The balanced chemical equation for the reaction between oxalic acid and NaOH is as follows:
H2C2O4 + 2NaOH → Na2C2O4 + 2H2O
From the balanced equation, we see that for every 1 mole of oxalic acid (H2C2O4), we need 2 moles of NaOH to neutralize it and produce water.
First, we need to determine the number of moles of NaOH present in the given volume (100.00 mL) and concentration (0.1000 M):
Moles of NaOH = Volume (L) × Concentration (mol/L)
= 0.10000 L × 0.1000 mol/L
= 0.01000 mol
Since the stoichiometry ratio is 1:2 between H2C2O4 and NaOH, we can conclude that we need twice the number of moles of NaOH to neutralize H2C2O4.

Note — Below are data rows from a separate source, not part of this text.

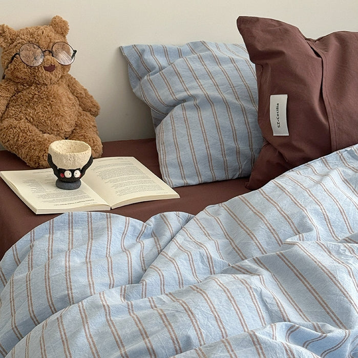 Washed Cotton Pinstripe Bedding Set, Blue
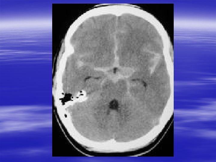 Specific Head Injuries § Skull Fractures – Basilar Fracture § Most common-petrous portion of temporal bone, the EAC and TM § Dural tear – CSF otorrhea – CSF rhinorrhea – Battle Sign – Raccoon Sign – Hemotympanum – Vertigo – Hearing loss – Seventh nerve palsy § CSF testing – Ring sign, glucose or CSF transferrin § Should be started on prophylactic antibiotics – Ceftriaxone 1 -2 gm
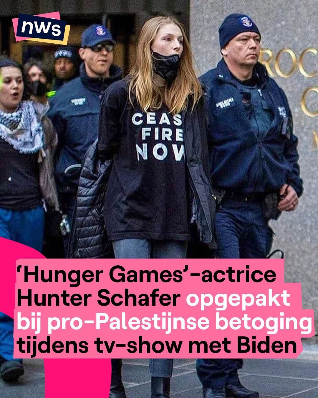 Actrice Hunter Schafer (25) is maandag gearresteerd bij een pro-Palestijns protest tijdens een Amerikaanse tv-show. Niemand minder dan de Amerikaanse president Joe Biden was er te gast. De actrice protesteerde samen met de organisatie Jewish Voice for Peace. De betogers droegen zwarte t-shirts met “Ceasefire Now” en “Not in Our Name” op. Schafer en tientallen andere demonstranten werden opgepakt, en moeten nu voor de rechter verschijnen voor huisvredebreuk (binnendringen van een woning of besloten gebouw). Schafer kan je spotten in de Hunger Games-prequel ‘The Ballad of Songbirds & Snakes’. Ze speelde ook de rol van Jules Vaughn in de serie ‘Euphoria’.

Therefore, the number of moles of H2C2O4 required is:
Moles of H2C2O4 = 2 × Moles of NaOH
= 2 × 0.01000 mol
= 0.02000 mol
Now we need to find the volume of 0.1000 M H2C2O4 required. We can use the following equation:
Moles = Volume (L) × Concentration (mol/L)
Since we know the number of moles of H2C2O4 required, we can rearrange the equation:
Volume (L) = Moles / Concentration (mol/L)
= 0.02000 mol / 0.1000 mol/L
= 0.2000 L
Finally, we convert the volume from liters to milliliters:
Volume (mL) = Volume (L) × 1000
= 0.2000 L × 1000
= 200.0 mL
Therefore, you would require 200.0 mL of 0.1000 M oxalic acid to completely neutralize 100.00 mL of 0.1000 M NaOH.